- **What the task requires**
I need the lines from the one holding "zumindest der Comiczeichner." to the last line of the data below repeated exactly, both included, without pictures.

Stored records:
BEGIN

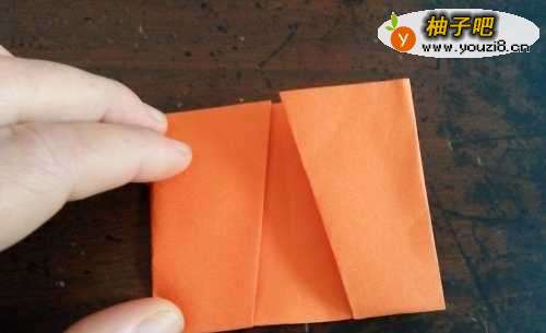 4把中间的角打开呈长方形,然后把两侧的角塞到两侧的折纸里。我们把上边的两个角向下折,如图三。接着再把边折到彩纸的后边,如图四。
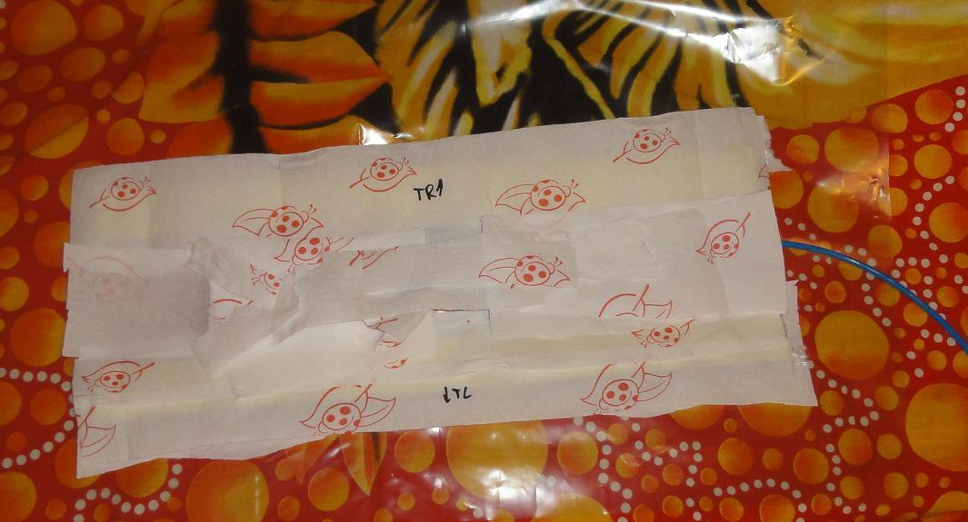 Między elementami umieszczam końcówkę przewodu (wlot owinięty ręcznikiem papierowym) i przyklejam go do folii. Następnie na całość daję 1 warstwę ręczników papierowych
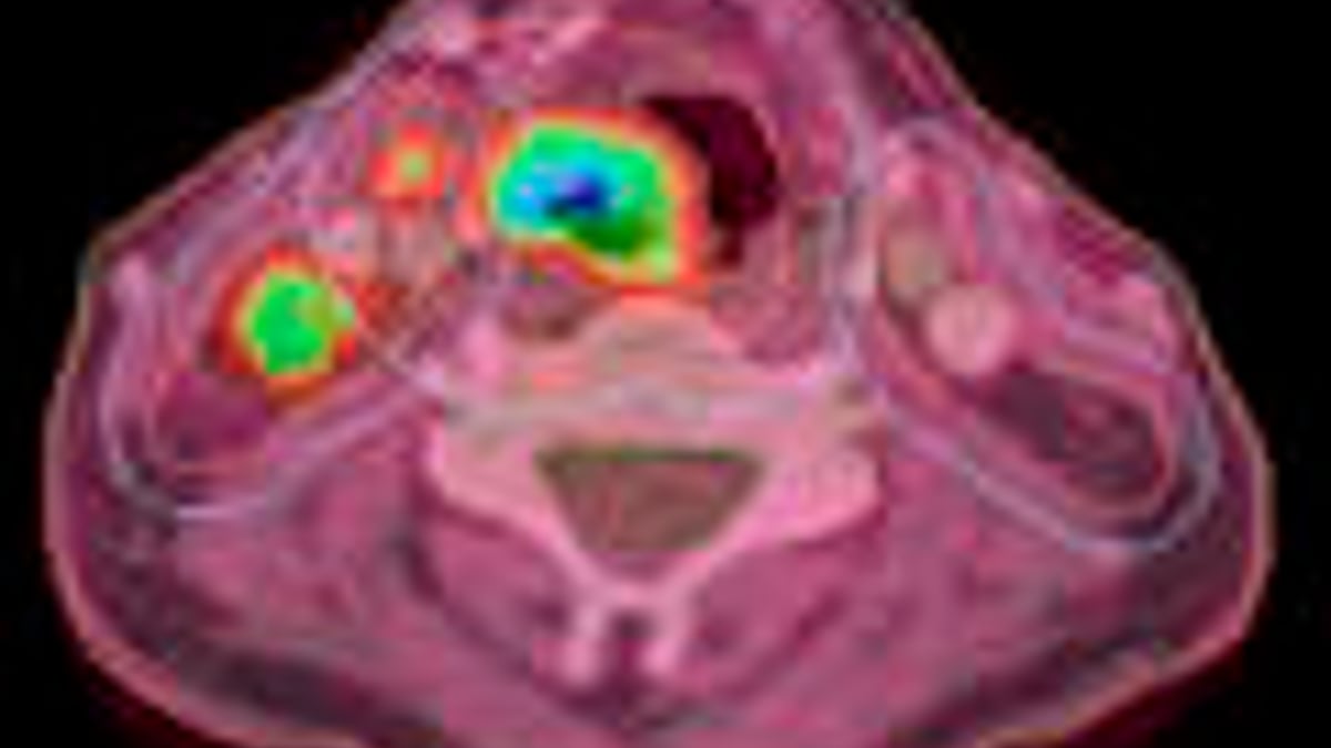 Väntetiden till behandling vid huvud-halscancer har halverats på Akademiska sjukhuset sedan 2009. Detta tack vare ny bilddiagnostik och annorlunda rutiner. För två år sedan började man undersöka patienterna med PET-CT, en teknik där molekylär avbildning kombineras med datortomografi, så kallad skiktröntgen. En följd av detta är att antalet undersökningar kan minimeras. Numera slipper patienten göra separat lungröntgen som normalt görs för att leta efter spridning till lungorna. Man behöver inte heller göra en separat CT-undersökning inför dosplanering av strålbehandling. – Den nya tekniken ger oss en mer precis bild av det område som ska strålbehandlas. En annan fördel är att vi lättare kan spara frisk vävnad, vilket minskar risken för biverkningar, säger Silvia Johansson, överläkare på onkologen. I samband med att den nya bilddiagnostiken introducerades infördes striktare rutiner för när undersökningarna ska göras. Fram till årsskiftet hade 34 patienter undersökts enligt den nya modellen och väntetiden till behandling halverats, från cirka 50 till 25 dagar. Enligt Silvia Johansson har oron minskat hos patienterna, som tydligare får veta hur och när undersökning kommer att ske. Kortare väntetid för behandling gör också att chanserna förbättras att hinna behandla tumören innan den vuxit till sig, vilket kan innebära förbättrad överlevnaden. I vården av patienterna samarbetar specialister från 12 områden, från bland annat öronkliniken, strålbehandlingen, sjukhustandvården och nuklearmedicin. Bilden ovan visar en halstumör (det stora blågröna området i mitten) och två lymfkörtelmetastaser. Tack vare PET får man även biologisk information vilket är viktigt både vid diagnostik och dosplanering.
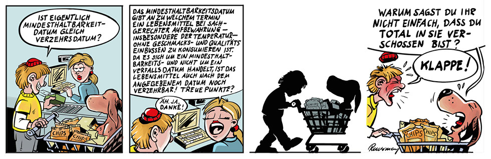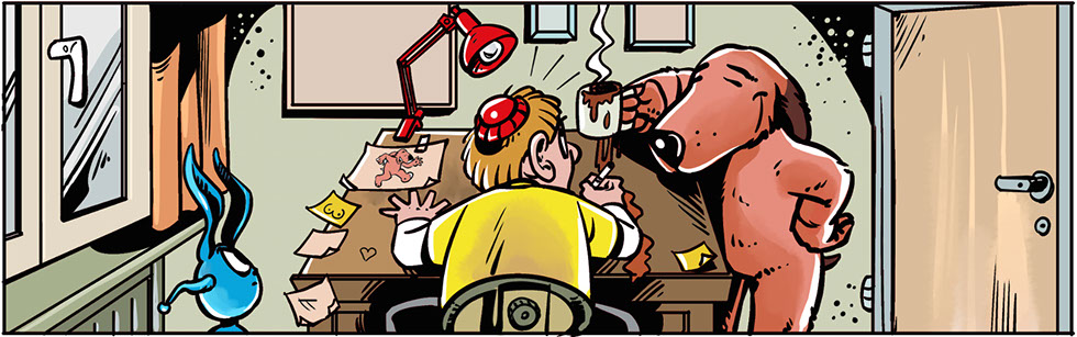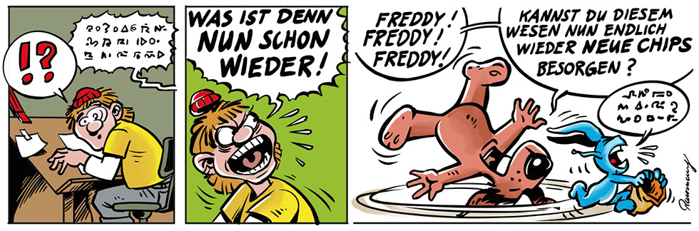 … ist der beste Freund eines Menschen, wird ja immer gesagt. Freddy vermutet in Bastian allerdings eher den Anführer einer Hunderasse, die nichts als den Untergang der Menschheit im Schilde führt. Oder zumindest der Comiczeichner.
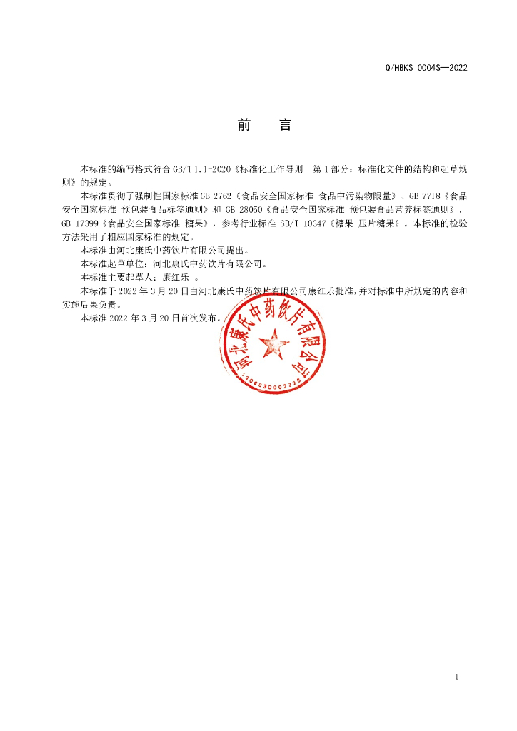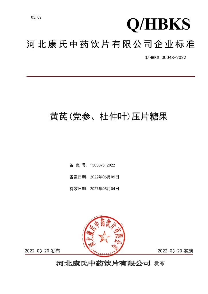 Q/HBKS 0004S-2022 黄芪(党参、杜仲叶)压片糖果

END

- **Solution to this problem**
 … ist der beste Freund eines Menschen, wird ja immer gesagt. Freddy vermutet in Bastian allerdings eher den Anführer einer Hunderasse, die nichts als den Untergang der Menschheit im Schilde führt. Oder zumindest der Comiczeichner.
 Q/HBKS 0004S-2022 黄芪(党参、杜仲叶)压片糖果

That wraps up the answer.